Dann wird Trichloressigsäure zugegeben, die 10 % des Überstandsvolumens entspricht. Wirbeln Sie die Röhren eine Minute lang kräftig ein. Inkubieren Sie die Röhren über Nacht in einem kalten Raum bei vier Grad Celsius auf Eis.
Geben Sie anschließend zwei Milliliter jeder Probe in ein Zwei-Milliliter-Röhrchen und zentrifugieren Sie sie dann 15 Minuten lang bei 21.000 g bei vier Grad Celsius. Der Überstand wird mit einem Vakuumaufsatz abgesaugt. Wiederholen Sie das Pipettieren von zwei Millilitern der Probe in dasselbe Röhrchen, zentrifugieren Sie und aspirieren Sie den Überstand.
Konsolidieren Sie die Fällungsreaktionen in einem einzigen Zwei-Milliliter-Röhrchen. Waschen Sie die Pellets mit einem Milliliter eiskaltem 100%igem Aceton, zentrifugieren Sie sie und ziehen Sie den Überstand an. Nachdem Sie den Überstand ein letztes Mal entfernt haben, trocknen Sie das Pellet eine Stunde lang auf der Bank.
Das gefällte Protein sollte wie ein Schleier an der Seite des Röhrchens aussehen. Dann resuspendieren Sie jedes Pellet in 50 Mikrolitern F-S-B-DFT-Lösung. Eine Minute lang gründlich vortexen.

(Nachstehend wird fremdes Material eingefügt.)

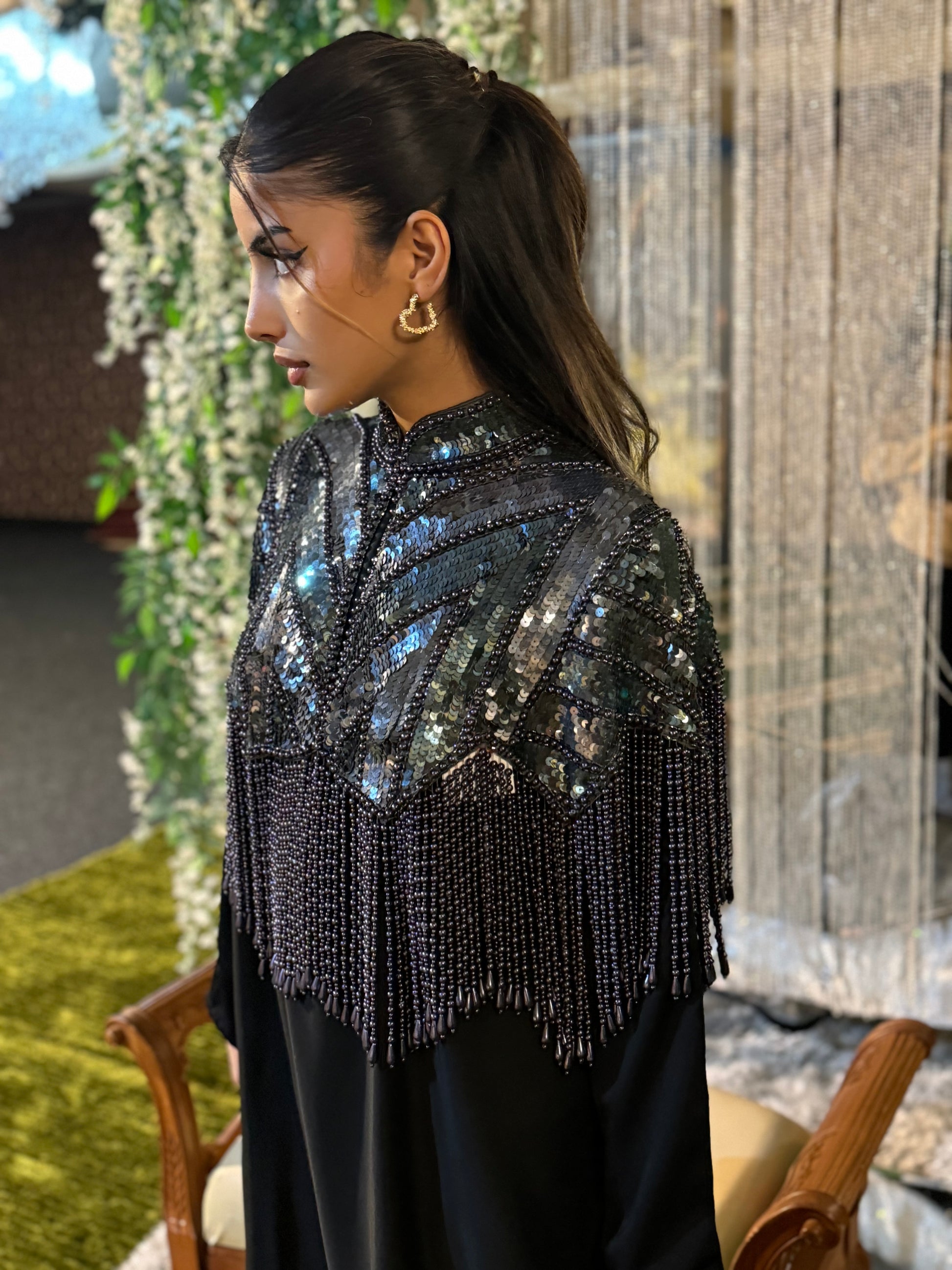 Experience regal elegance with this luxurious regal embellished cape. Featuring intricate beaded detailing, this eye-catching piece will make you feel like royalty! Add a touch of glamour and opulence to your look with this stunning cape!

Anschließend kochen Sie die Proben auf einem Heizblock bei 95 Grad Celsius für 15 Minuten. Anschließend kurz bei maximaler Geschwindigkeit bei Raumtemperatur zentrifugieren. Laden Sie 15 Mikroliter jeder anaeroben Probe und 10 Mikroliter jeder aeroben Probe zur Analyse in ein 12,5 %-SDS-PAGE-Gel.

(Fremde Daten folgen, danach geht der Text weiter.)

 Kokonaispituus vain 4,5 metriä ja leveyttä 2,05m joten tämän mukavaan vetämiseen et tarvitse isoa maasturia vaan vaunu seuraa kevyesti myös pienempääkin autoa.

Nachdem der Gellauf abgeschlossen ist, verwenden Sie Silberfärbung, um Proteine auf dem Gel sichtbar zu machen. Zu Beginn geben Sie ein SDS-PAGE-Gel mit getrennten aeroben Proben von Yersinia pseudotuberculosis in ein Bildgebungssystem. Wählen Sie in der Software die Banden aus, die das Effektorprotein des Sekretionssystems vom Typ drei, YopE, in allen Vertiefungen darstellen.
Stellen Sie das Referenz-YopE-Band auf das entsprechende Sample ein. Exportieren Sie die von der Software berechneten relativen Quantifizierungswerte für alle YopE-Bänder. Wählen Sie dann alle BSA-Bänder in allen Vertiefungen aus.
Stellen Sie sicher, dass die BSA-Referenzbande mit der Probe der YopE-Referenzbande übereinstimmt. Exportieren Sie die relativen Quantifizierungswerte für alle BSA-Banden. Dividieren Sie den YopE-Wert durch den BSA-Wert für jede Bedingung, um normalisierte Ergebnisse zu erhalten.
Silbergefärbtes SDS-PAGE-Gel zeigte, dass in den anaeroben Proben 38-mal mehr YopE in den eisenarmen Proben im Vergleich zu den eisenreichen Proben vorhanden war. In den aeroben Proben wurden diese Proteine in nahezu gleichen Mengen sezerniert.